INPUT MATERIAL
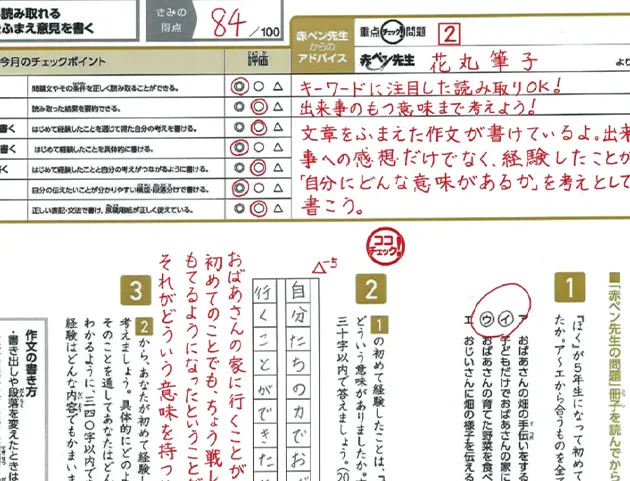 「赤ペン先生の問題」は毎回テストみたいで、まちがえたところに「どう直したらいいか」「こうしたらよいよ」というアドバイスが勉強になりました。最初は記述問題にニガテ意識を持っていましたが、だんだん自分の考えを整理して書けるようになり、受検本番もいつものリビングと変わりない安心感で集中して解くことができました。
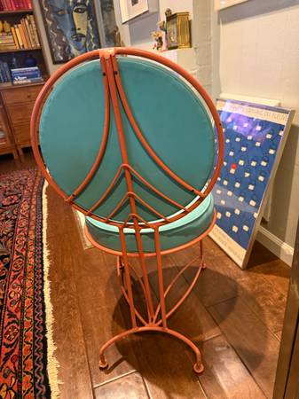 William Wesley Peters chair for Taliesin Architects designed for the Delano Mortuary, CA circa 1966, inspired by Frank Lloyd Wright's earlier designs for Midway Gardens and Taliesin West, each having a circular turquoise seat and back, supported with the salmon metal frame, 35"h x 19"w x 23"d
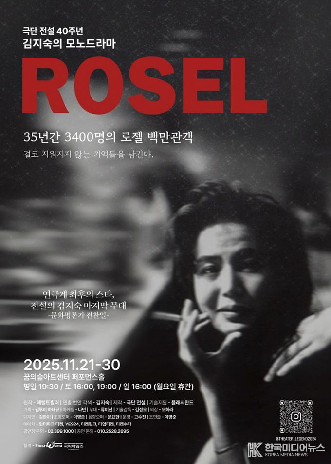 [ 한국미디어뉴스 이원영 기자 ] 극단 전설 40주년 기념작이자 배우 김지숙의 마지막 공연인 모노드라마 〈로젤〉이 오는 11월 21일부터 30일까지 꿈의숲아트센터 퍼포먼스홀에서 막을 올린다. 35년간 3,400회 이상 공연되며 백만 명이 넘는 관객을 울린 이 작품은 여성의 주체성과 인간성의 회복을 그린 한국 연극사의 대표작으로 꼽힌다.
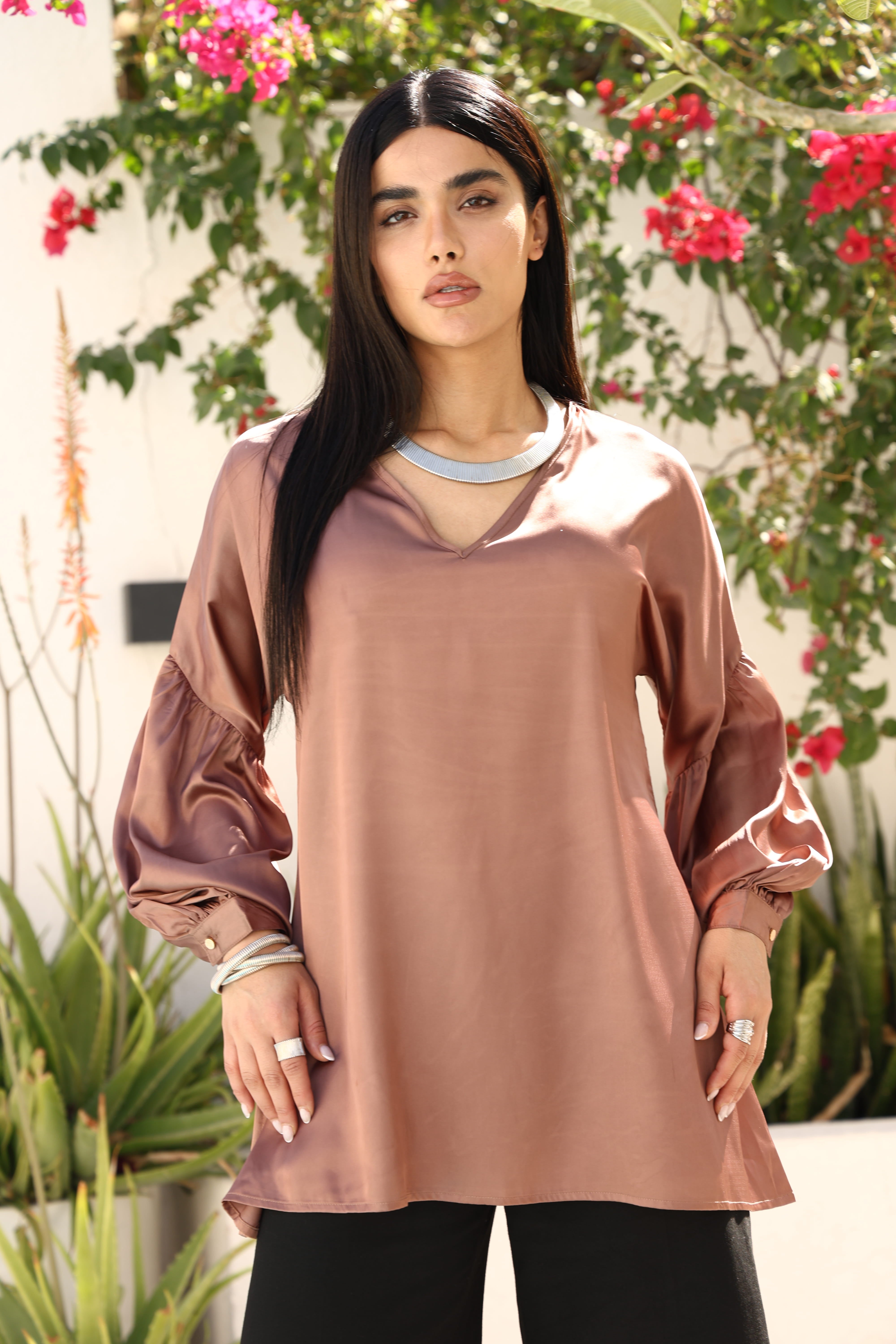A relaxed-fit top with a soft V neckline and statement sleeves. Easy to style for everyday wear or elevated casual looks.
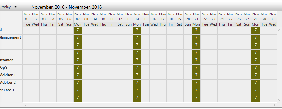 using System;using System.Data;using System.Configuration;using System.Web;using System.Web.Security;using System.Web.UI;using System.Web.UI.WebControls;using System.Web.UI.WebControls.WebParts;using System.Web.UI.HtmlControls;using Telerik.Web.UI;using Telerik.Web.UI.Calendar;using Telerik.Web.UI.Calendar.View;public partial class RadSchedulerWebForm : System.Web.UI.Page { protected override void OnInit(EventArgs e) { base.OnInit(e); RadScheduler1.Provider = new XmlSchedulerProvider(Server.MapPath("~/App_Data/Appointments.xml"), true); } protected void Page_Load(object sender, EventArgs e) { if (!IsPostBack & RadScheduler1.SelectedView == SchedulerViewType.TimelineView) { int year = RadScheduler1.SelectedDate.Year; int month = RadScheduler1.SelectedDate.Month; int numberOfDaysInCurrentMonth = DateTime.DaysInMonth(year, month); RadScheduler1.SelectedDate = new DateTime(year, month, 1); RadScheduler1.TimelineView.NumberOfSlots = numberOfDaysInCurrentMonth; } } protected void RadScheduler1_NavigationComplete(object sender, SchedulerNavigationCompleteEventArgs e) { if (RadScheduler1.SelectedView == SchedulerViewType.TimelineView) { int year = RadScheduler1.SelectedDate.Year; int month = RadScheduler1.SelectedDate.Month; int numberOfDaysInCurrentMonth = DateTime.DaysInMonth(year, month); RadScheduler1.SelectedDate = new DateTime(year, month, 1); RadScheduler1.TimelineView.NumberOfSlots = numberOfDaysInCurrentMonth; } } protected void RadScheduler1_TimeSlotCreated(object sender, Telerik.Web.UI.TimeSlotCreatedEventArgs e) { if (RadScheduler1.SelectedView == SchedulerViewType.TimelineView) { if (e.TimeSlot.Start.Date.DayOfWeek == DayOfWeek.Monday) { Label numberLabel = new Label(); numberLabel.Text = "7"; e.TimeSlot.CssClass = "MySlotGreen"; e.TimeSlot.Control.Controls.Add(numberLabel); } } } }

WHAT THE TASK ASKS
Omit the pictures. Transcribe every record exactly.

ANSWER TO THIS PROBLEM
 「赤ペン先生の問題」は毎回テストみたいで、まちがえたところに「どう直したらいいか」「こうしたらよいよ」というアドバイスが勉強になりました。最初は記述問題にニガテ意識を持っていましたが、だんだん自分の考えを整理して書けるようになり、受検本番もいつものリビングと変わりない安心感で集中して解くことができました。
 William Wesley Peters chair for Taliesin Architects designed for the Delano Mortuary, CA circa 1966, inspired by Frank Lloyd Wright's earlier designs for Midway Gardens and Taliesin West, each having a circular turquoise seat and back, supported with the salmon metal frame, 35"h x 19"w x 23"d
 [ 한국미디어뉴스 이원영 기자 ] 극단 전설 40주년 기념작이자 배우 김지숙의 마지막 공연인 모노드라마 〈로젤〉이 오는 11월 21일부터 30일까지 꿈의숲아트센터 퍼포먼스홀에서 막을 올린다. 35년간 3,400회 이상 공연되며 백만 명이 넘는 관객을 울린 이 작품은 여성의 주체성과 인간성의 회복을 그린 한국 연극사의 대표작으로 꼽힌다.
A relaxed-fit top with a soft V neckline and statement sleeves. Easy to style for everyday wear or elevated casual looks.
 using System;using System.Data;using System.Configuration;using System.Web;using System.Web.Security;using System.Web.UI;using System.Web.UI.WebControls;using System.Web.UI.WebControls.WebParts;using System.Web.UI.HtmlControls;using Telerik.Web.UI;using Telerik.Web.UI.Calendar;using Telerik.Web.UI.Calendar.View;public partial class RadSchedulerWebForm : System.Web.UI.Page { protected override void OnInit(EventArgs e) { base.OnInit(e); RadScheduler1.Provider = new XmlSchedulerProvider(Server.MapPath("~/App_Data/Appointments.xml"), true); } protected void Page_Load(object sender, EventArgs e) { if (!IsPostBack & RadScheduler1.SelectedView == SchedulerViewType.TimelineView) { int year = RadScheduler1.SelectedDate.Year; int month = RadScheduler1.SelectedDate.Month; int numberOfDaysInCurrentMonth = DateTime.DaysInMonth(year, month); RadScheduler1.SelectedDate = new DateTime(year, month, 1); RadScheduler1.TimelineView.NumberOfSlots = numberOfDaysInCurrentMonth; } } protected void RadScheduler1_NavigationComplete(object sender, SchedulerNavigationCompleteEventArgs e) { if (RadScheduler1.SelectedView == SchedulerViewType.TimelineView) { int year = RadScheduler1.SelectedDate.Year; int month = RadScheduler1.SelectedDate.Month; int numberOfDaysInCurrentMonth = DateTime.DaysInMonth(year, month); RadScheduler1.SelectedDate = new DateTime(year, month, 1); RadScheduler1.TimelineView.NumberOfSlots = numberOfDaysInCurrentMonth; } } protected void RadScheduler1_TimeSlotCreated(object sender, Telerik.Web.UI.TimeSlotCreatedEventArgs e) { if (RadScheduler1.SelectedView == SchedulerViewType.TimelineView) { if (e.TimeSlot.Start.Date.DayOfWeek == DayOfWeek.Monday) { Label numberLabel = new Label(); numberLabel.Text = "7"; e.TimeSlot.CssClass = "MySlotGreen"; e.TimeSlot.Control.Controls.Add(numberLabel); } } } }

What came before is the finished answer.